_TASK DATA_:
....

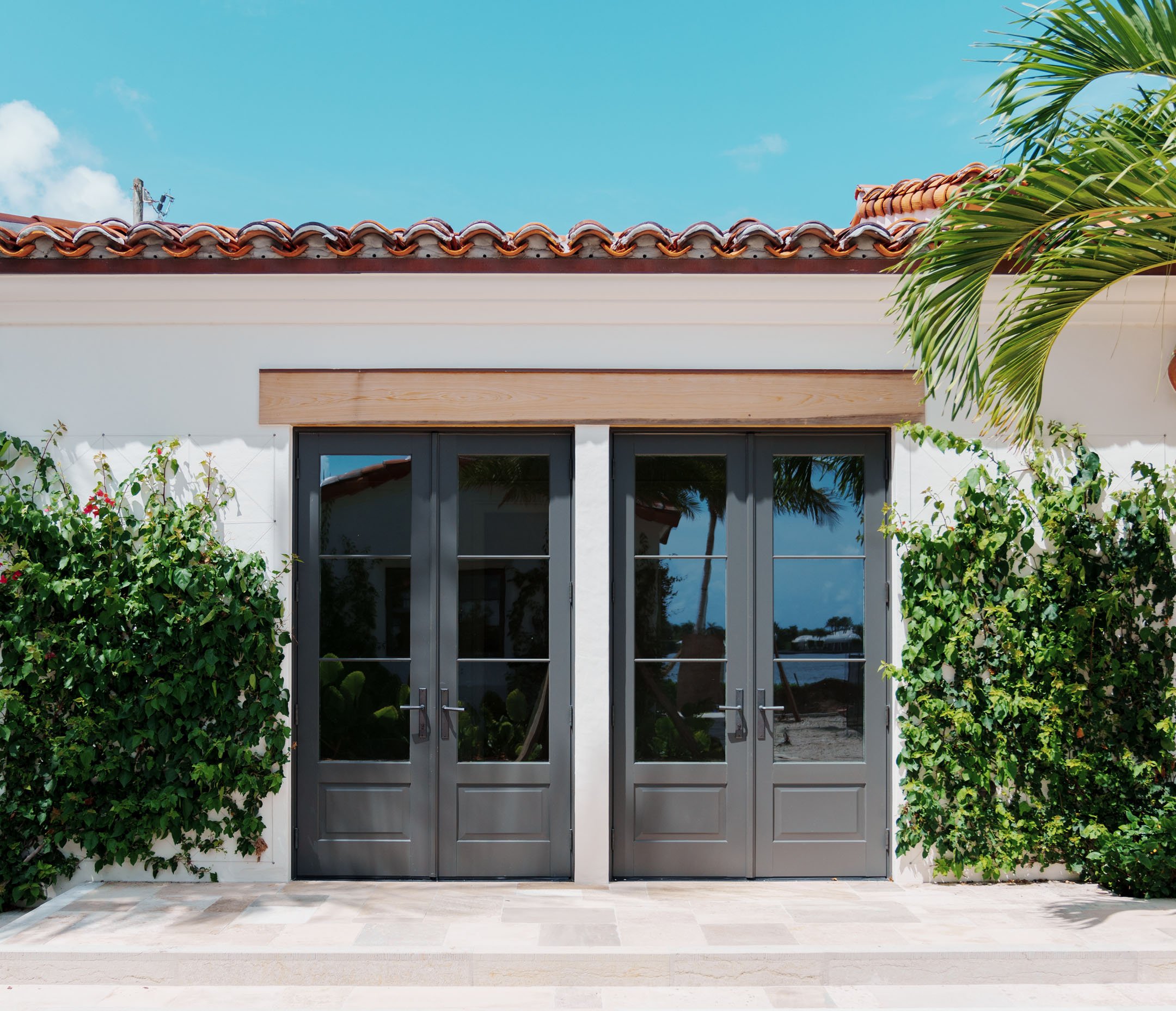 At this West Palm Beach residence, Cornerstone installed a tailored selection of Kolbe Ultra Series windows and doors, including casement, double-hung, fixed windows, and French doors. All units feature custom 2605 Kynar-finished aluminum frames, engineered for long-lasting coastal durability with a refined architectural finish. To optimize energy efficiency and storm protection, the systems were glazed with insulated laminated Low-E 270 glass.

....

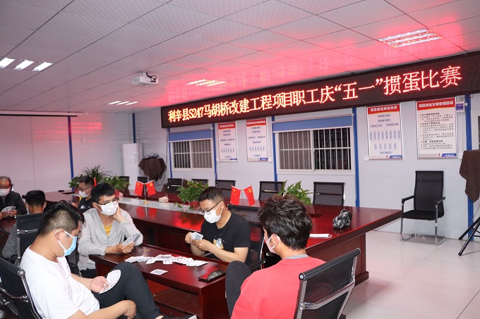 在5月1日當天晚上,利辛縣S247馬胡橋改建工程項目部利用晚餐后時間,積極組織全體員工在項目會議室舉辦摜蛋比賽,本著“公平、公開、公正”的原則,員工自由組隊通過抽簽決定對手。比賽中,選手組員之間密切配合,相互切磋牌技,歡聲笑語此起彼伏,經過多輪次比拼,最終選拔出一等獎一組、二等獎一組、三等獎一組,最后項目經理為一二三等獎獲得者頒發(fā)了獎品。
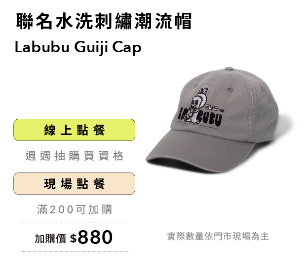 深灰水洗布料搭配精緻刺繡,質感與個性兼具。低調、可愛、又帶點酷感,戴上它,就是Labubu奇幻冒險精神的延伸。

....

_WHAT THE TASK REQUIRES_: The reply should hold exactly the lines above, starting at the line with "在5月1日當天晚上,利辛縣S" and ending at the line with "深灰水洗布料搭配精緻刺繡,質", and no pictures.

_RESULT FOR THIS EXERCISE_:
 在5月1日當天晚上,利辛縣S247馬胡橋改建工程項目部利用晚餐后時間,積極組織全體員工在項目會議室舉辦摜蛋比賽,本著“公平、公開、公正”的原則,員工自由組隊通過抽簽決定對手。比賽中,選手組員之間密切配合,相互切磋牌技,歡聲笑語此起彼伏,經過多輪次比拼,最終選拔出一等獎一組、二等獎一組、三等獎一組,最后項目經理為一二三等獎獲得者頒發(fā)了獎品。
 深灰水洗布料搭配精緻刺繡,質感與個性兼具。低調、可愛、又帶點酷感,戴上它,就是Labubu奇幻冒險精神的延伸。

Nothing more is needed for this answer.